China has a significant influence on all of this, both overtly and covertly. In one recent fiscal year, India imported $4.2 billion worth of smartphone and telecom components from China. Bilateral trade between the two nations totaled $118.4 billion. India is attempting to provide competition in the semiconductor market, but it is doing so while maintaining a close economic relationship with its primary rival. “India is far behind China in semiconductor manufacturing,” the Institution of Engineering and Technology’s Rishi Bhatnagar stated. “Although India may be able to run fast and catch up, China will be running faster.” This is a sobering observation, and it’s probably true. However, it’s also possible that India is competing with China in tandem with a global supply chain that is changing and accommodating multiple major players.

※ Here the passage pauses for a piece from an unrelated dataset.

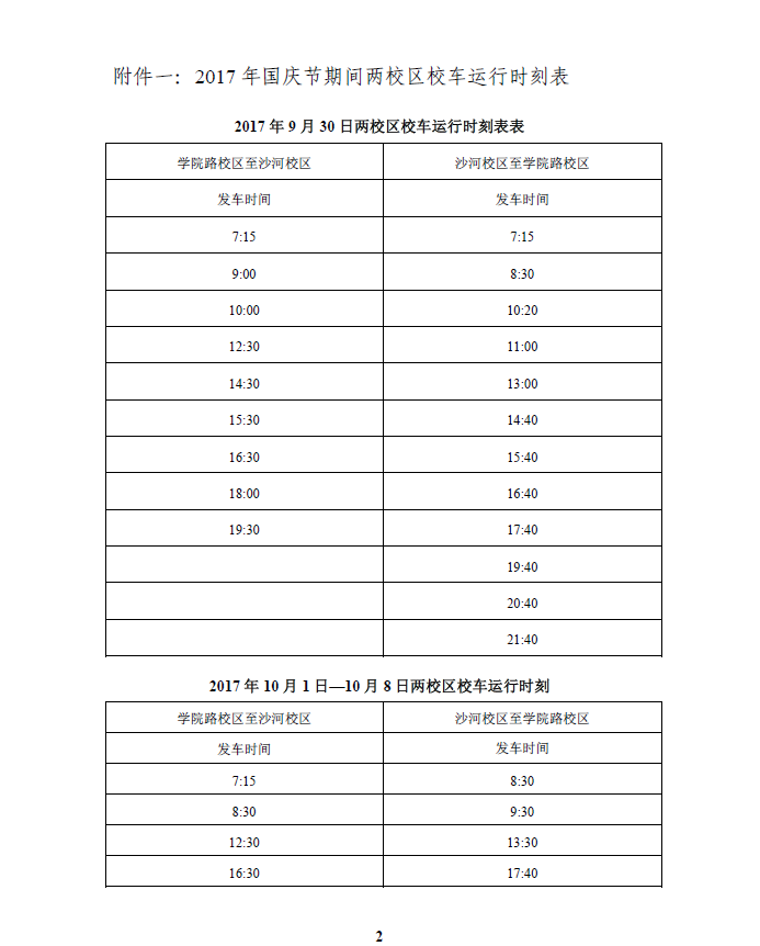 附件一:2017年国庆节期间两校区校车运行时刻表
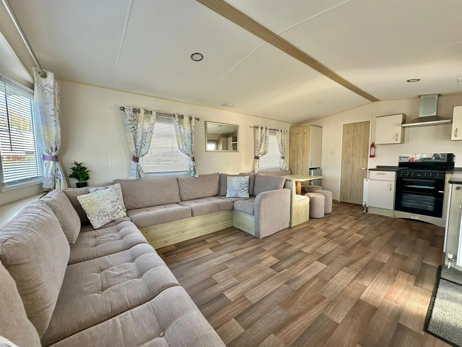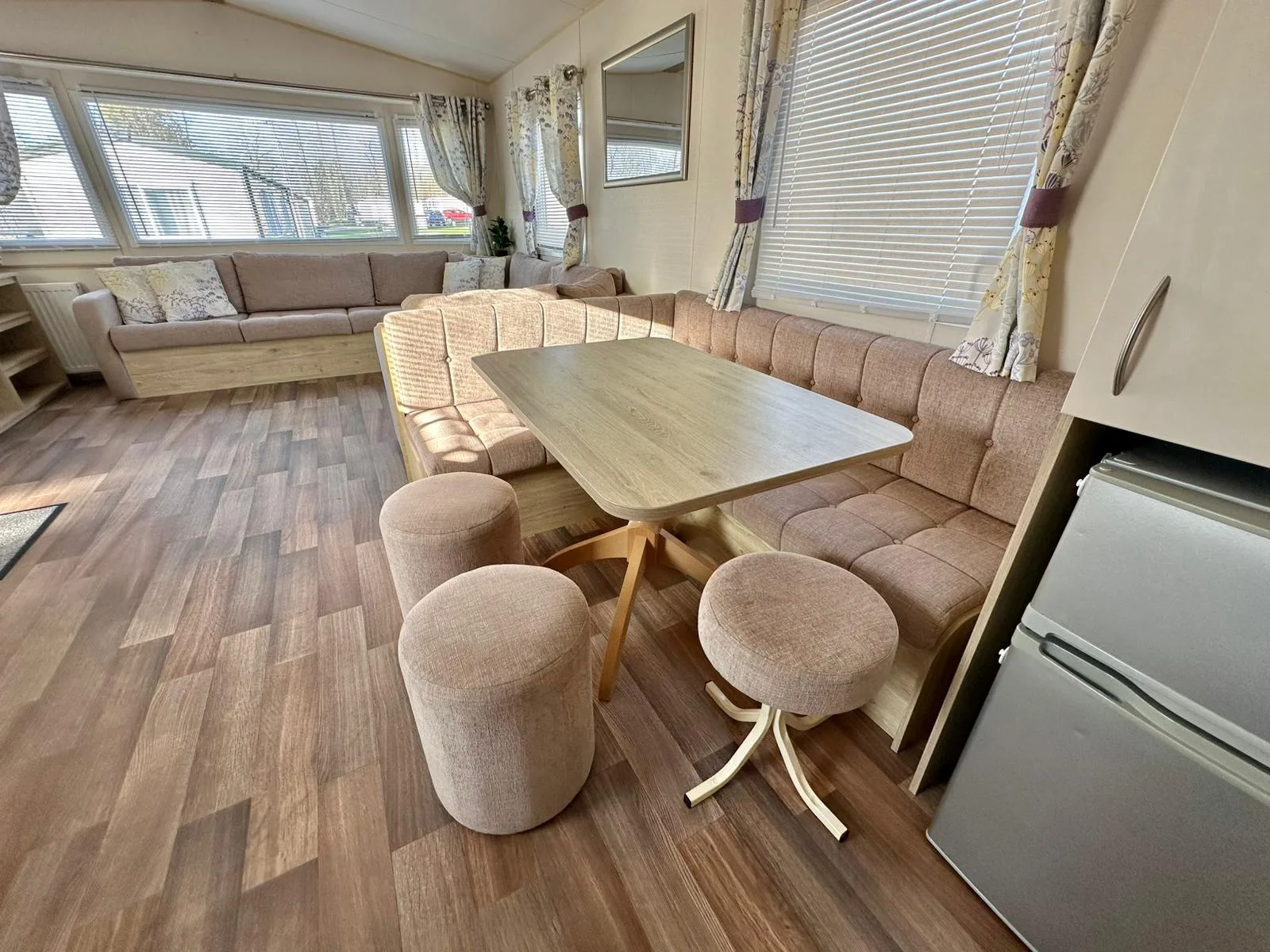 • The ABI Bowland offers a peaceful and spacious holiday home, with its soft, neutral color palette setting a calm, welcoming tone. The open-plan living area features wraparound seating and stylish laminate flooring, creating a sociable and airy space that's perfect for relaxing or entertaining. The booth-style dining area, makes mealtimes a breeze.

Sitting with all of this, it seems like India is at one of those real turning points that nations experience maybe once every generation. By 2030, the semiconductor industry will be valued at $1 trillion, up from its current value of over $580 billion. India is benefiting from changes in the geopolitical landscape. There is an engineering foundation. The commitments for investments are coming in. With the infrastructure, water, power, and skilled labor, the nation’s ability to turn all of that into actual, operational, competitive fabrication capacity is still up for debate, and anyone claiming certainty is most likely selling something. However, as Kreps has pointed out, South Korea and Taiwan were not always the industrial giants we know today. At one point, their populations were foraging for food in nations with per capita incomes of $100. Nevertheless, they changed. At the very least, India might be able to.